As discussed previously, heat source 20 should also possess low thermal 
conductivity. Low thermal conductivity is desirable because heat source 20 
should burn and transfer heat to the air flowing therethrough but not 
conduct heat to flavor bed 21. If heat source 20 conducts heat, the time 
required to promote combustion will increase. This is undesirable because 
smoking article 10 will take longer to light. Also, as discussed 
previously, heat must be maintained at the burning zone of heat source 20. 
Preferably a charcoal with a relatively low thermal conductivity is used 
to prevent the mounting structure 24 used to position heat source 20 in 
smoking article 10 from absorbing the high heat generated during 
combustion of heat source 20. Mounting structure 24 should retard oxygen 
from reaching the rear portion of the heat source 20 thereby helping to 
extinguish heat source 20 after flavor bed 21 has been consumed. This also 
prevents heat source fall-out. 
The size of the raw charcoal particles is another important consideration 
for heat source 20. The charcoal should be in the form of small particles. 
These small particles provide more carbon surface area in heat source 20 
available for combustion and results in a heat source that is more 
reactive. The size of these particles can be up to about 700 microns. 

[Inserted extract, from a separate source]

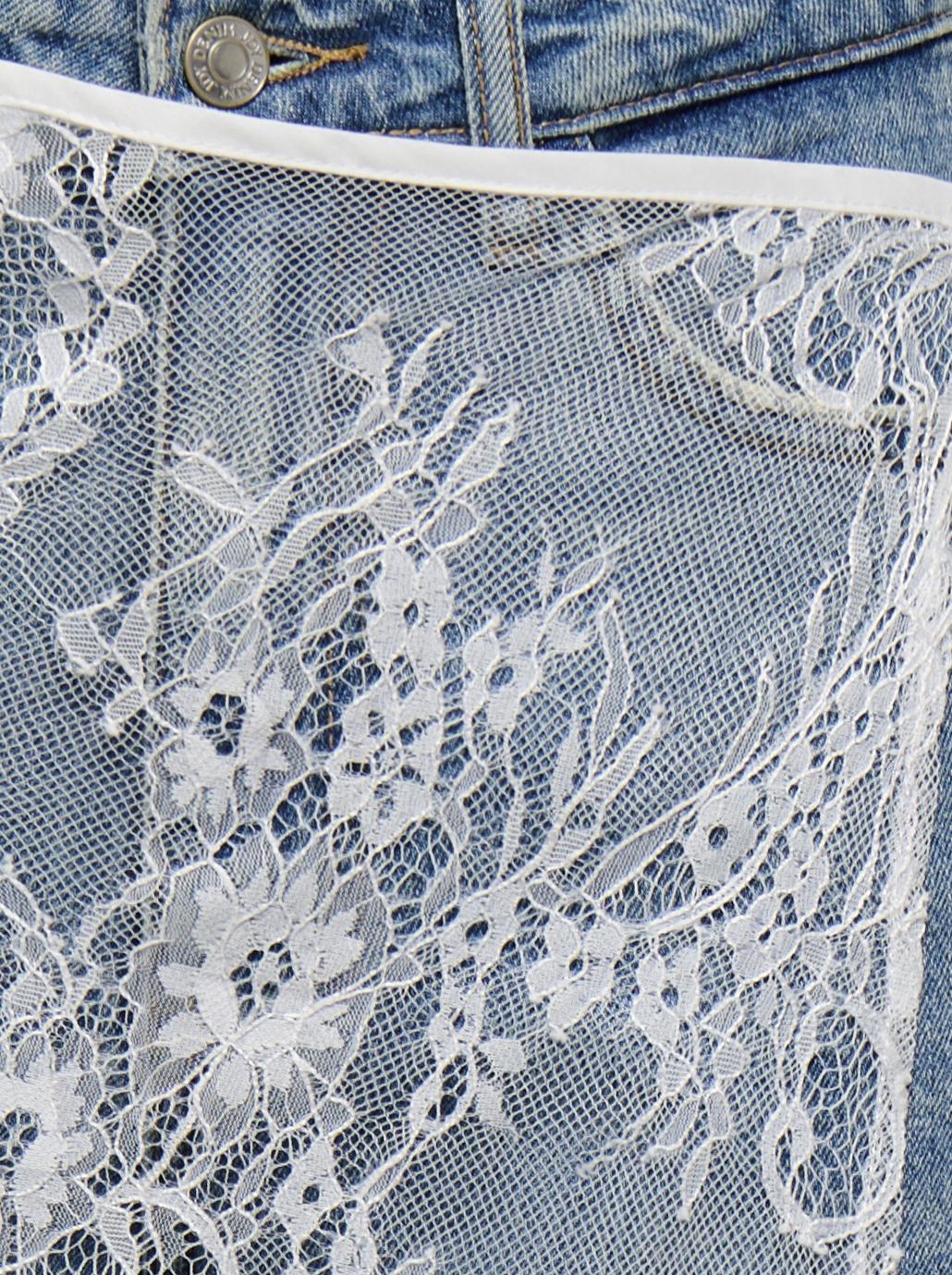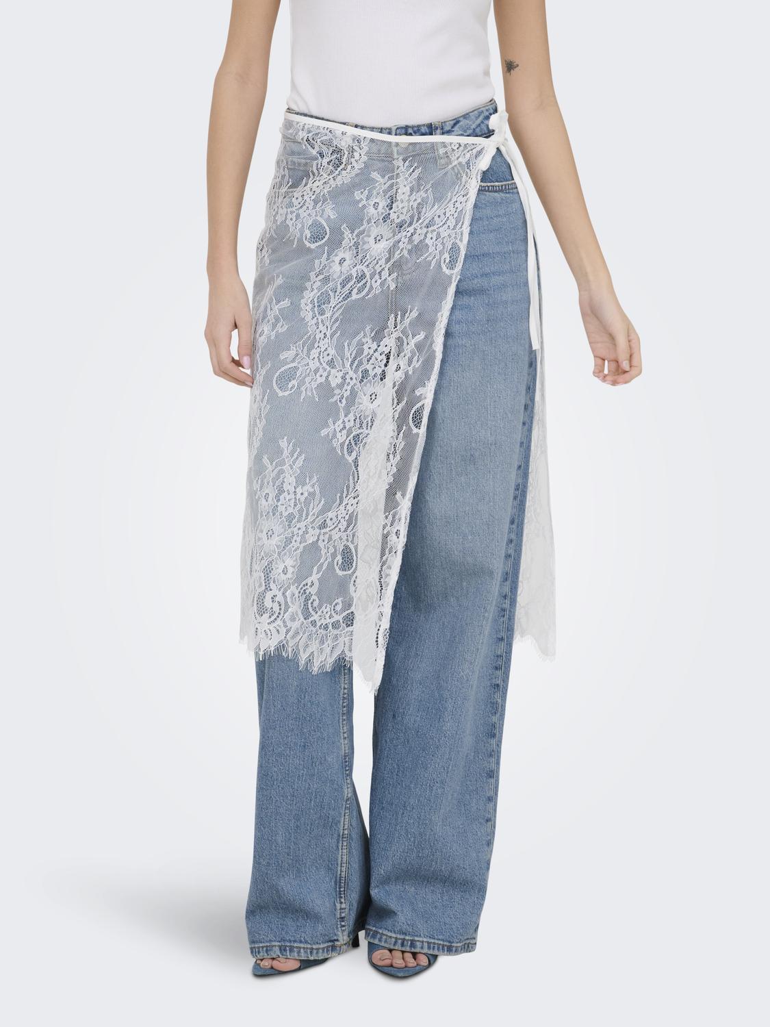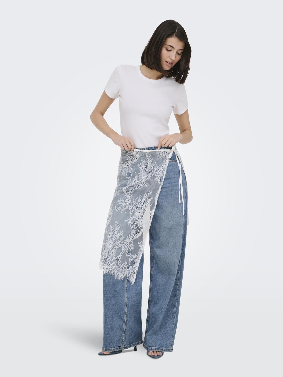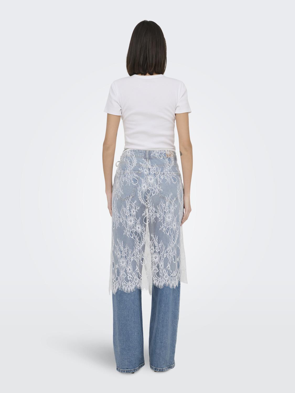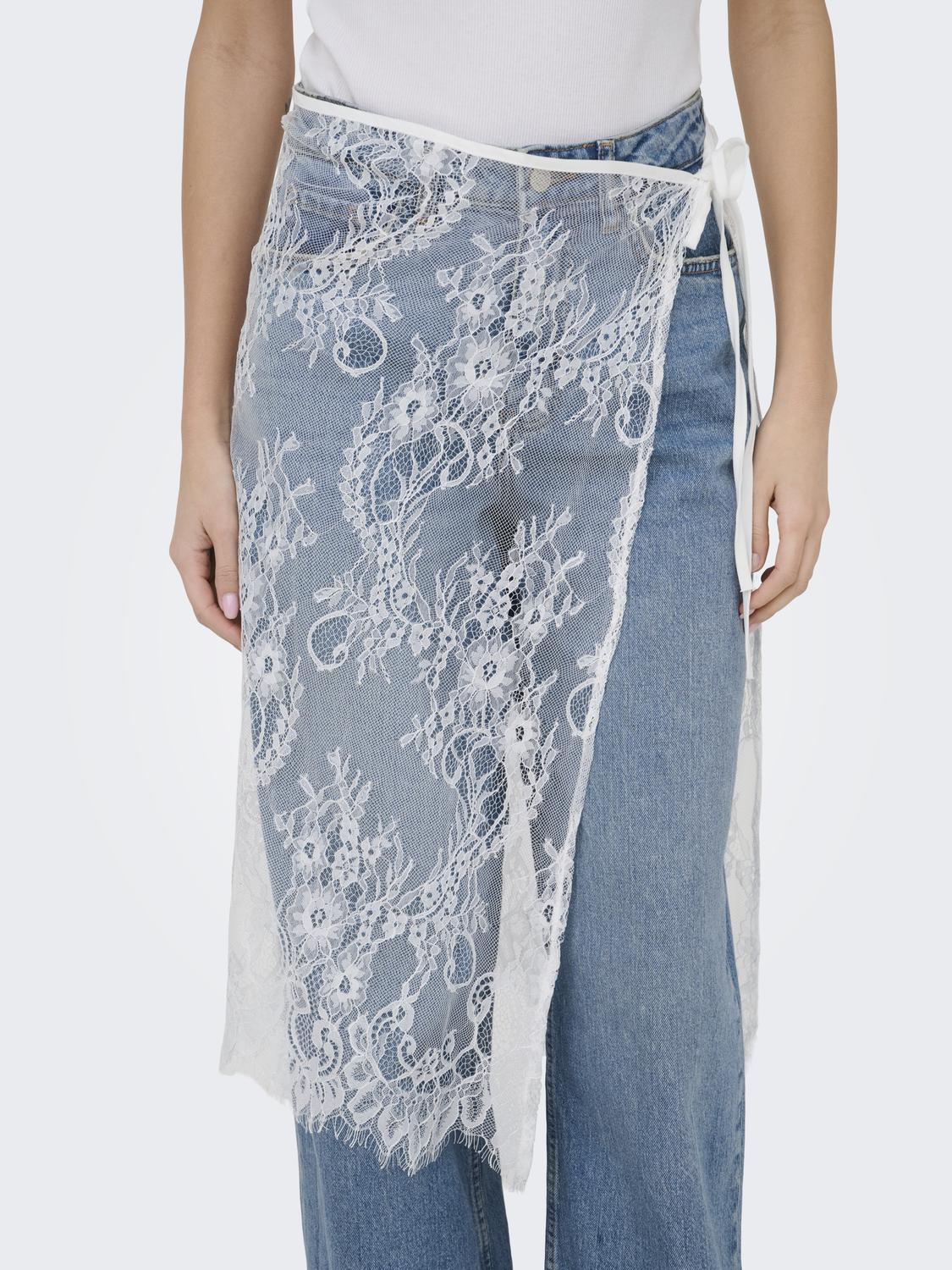 Den elegante blomsterblonde, der pryder nederdelen, tilfører et klassisk og romantisk element, som nemt kan føre dig fra dag til aften. Blonderne er smukt integreret i designet og understreger nederdelens feminine charme. Det asymmetriske snit skaber en dynamisk silhuet, der tilføjer et moderne twist til det ellers tidløse design. Dette gør nederdelen til et alsidigt stykke tøj, der kan bæres ved mange lejligheder.
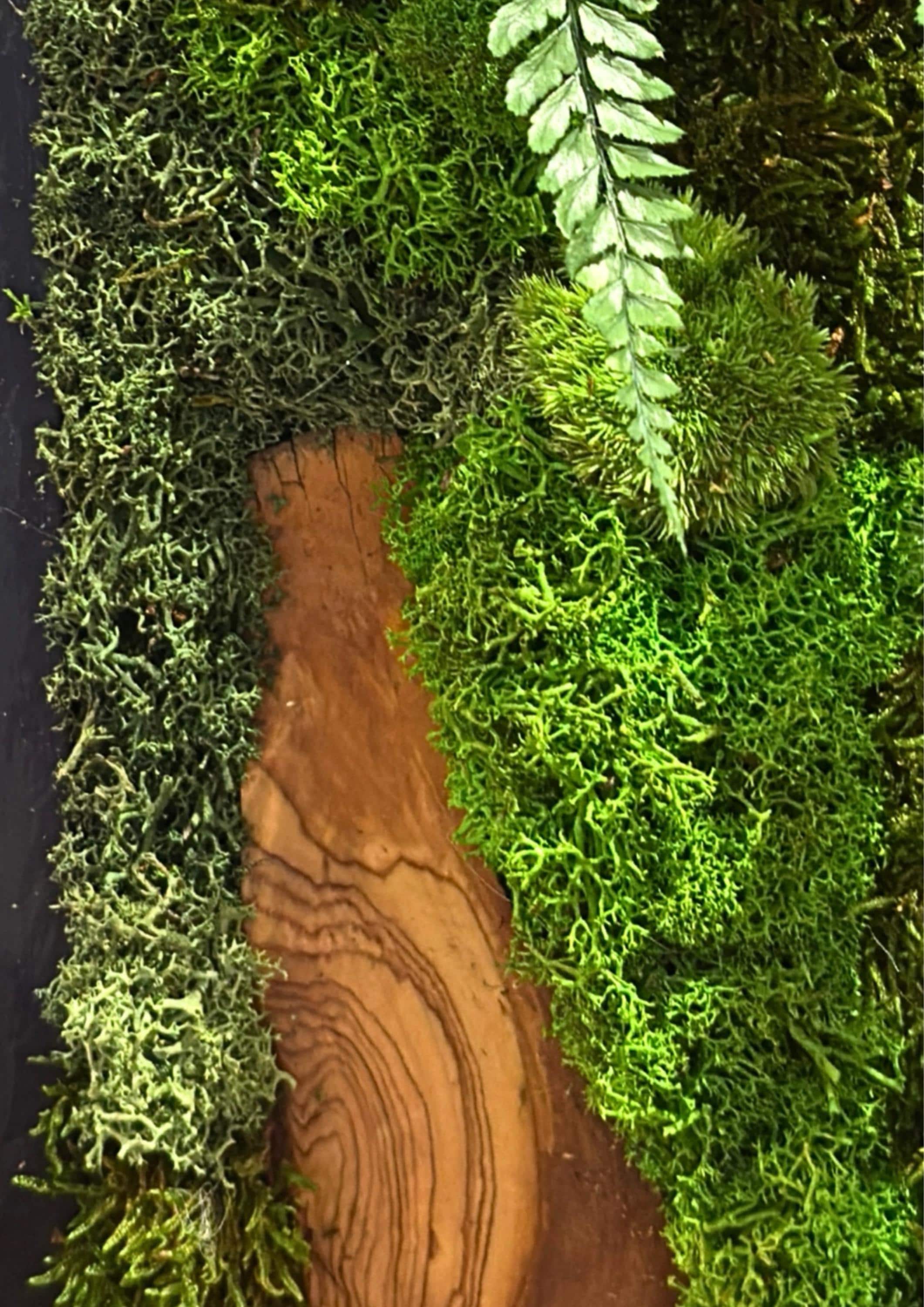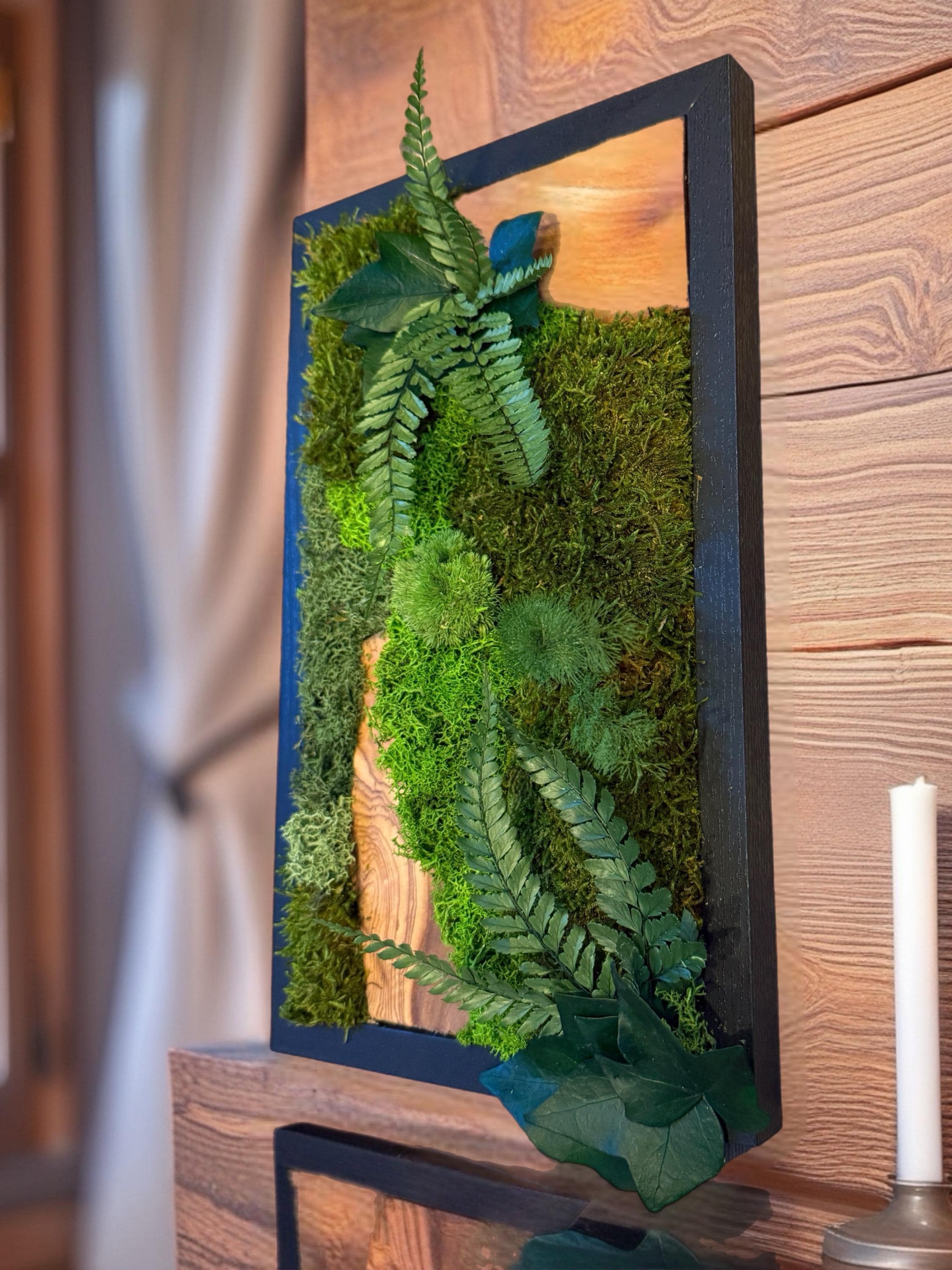 Apportez une touche de nature élégante et apaisante à votre intérieur avec ce cadre végétal stabilisé fait main, une pièce unique mêlant mousses naturelles, fougères et bois dans une composition harmonieuse et contemporaine.

Preferably these charcoal particles have an average particle size of about 
5 microns up to about 30 microns. Various types of mills or other grinders 
may be used to grind the charcoal down to the desired size. Preferably a 
jet mill is used. 
The BET surface area of the charcoal particles should be in the range of 
about 50 m.sup.2 /g to about 2000 m.sup.2 /g. Preferably, the BET surface 
area of the charcoal particles should be in the range of about 200 m.sup.2 
/g to about 600 m.sup.2 /g. The higher the surface area the more reactive 
the charcoal becomes because of the greater availability of carbon surface 
to react with oxygen for combustion. This is desirable because it yields a 
hotter burning heat source and less residue. 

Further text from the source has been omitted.